A primeira vez que se ouviu falar em “ideologia de gênero” no Brasil foi em julho de 2003. Quem usou a expressão foi o deputado federal Elimar Damasceno, do Partido de Reedificação da Ordem Nacional (Prona), em reação a pautas progressistas que haviam sensibilizado parte da sociedade para o fato de “gênero” designar o papel desempenhado por um dos sexos, não importando se nasceu homem ou mulher.
O termo circulou bastante desde então, ganhando força a partir de 2014, com debates sobre o novo Plano Nacional de Educação. “À época, núcleos religiosos conservadores fizeram campanhas de ataques contra propostas de currículo escolar que incluíssem temas como igualdade de gênero e diversidade sexual”, explica Corrêa.
Anos antes, em 2011, setores conservadores da sociedade e do Congresso já haviam feito campanha contra o projeto Escola sem Homofobia, o qual previa a distribuição em todas as escolas do país de um material de formação sobre questões de gênero e sexualidade.
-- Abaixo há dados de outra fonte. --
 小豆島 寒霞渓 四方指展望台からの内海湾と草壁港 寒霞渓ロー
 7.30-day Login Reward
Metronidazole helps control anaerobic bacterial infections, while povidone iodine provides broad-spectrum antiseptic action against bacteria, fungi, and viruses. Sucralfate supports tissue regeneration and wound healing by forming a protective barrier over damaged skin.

Segundo as acusações, o material — pejorativamente alcunhado de “kit gay” —, seria responsável por “estimular o homossexualismo e a promiscuidade”. O governo à época cedeu à pressão e suspendeu o projeto.
Por sua vez, a expressão “cidadão de bem” costumava aparecer em conversas informais entre amigos e familiares, e em noticiários sensacionalistas. Nos últimos anos, no entanto, passou a ser amplamente usada em campanhas eleitorais, ganhando centralidade e novos contornos. Antes utilizada para designar “não criminosos”, a expressão passou a nomear também condutas políticas. “A separação entre ‘cidadão de bem’ e ‘bandidos’ seria usada para opor ‘direita’ e ‘esquerda’, com o objetivo de criminalizar o campo progressista e as pautas inclusivas”, afirma Corrêa.
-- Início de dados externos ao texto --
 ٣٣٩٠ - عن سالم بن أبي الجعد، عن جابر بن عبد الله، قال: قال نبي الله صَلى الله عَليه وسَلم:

Tanto a primeira quanto a segunda edição do dicionário foram desenvolvidas de forma colaborativa com pesquisadores de várias instituições. Cada um ficou responsável pela explicação de um ou mais verbetes. O linguista Rodrigo Borba, professor associado da UFRJ e responsável pelos verbetes sobre “ideologia de gênero” e “linguagem neutra”, explica que a estratégia da direita tende a ser a de se apropriar de palavras, conferindo-lhes novos sentidos para que circulem mais facilmente.
Ele acrescenta que o léxico conservador é esquemático e costuma ser reproduzido com pouco questionamento pela imprensa. “Ele é mal compreendido até mesmo pelos políticos que dele fazem uso”, destaca. “É como se esses bordões sempre tivessem existido, ninguém se pergunta de onde vieram, quando e como foram criados e a que se referem.” O linguista lembra ainda que as palavras escolhidas pela direita também costumam ser consagradas, já sedimentadas na linguagem e dotadas de certa autoridade social.
Os pesquisadores esperam incluir outros verbetes em novas atualizações do dicionário. A expectativa é que o material circule não apenas nas escolas ou entre movimentos da sociedade civil e políticos, mas também nas famílias. “Essas palavras aparecem nas conversas na mesa do jantar e as pessoas brigam muito por causa delas”, afirma Borba. “Este é um bom material para educação política de todos e todas.”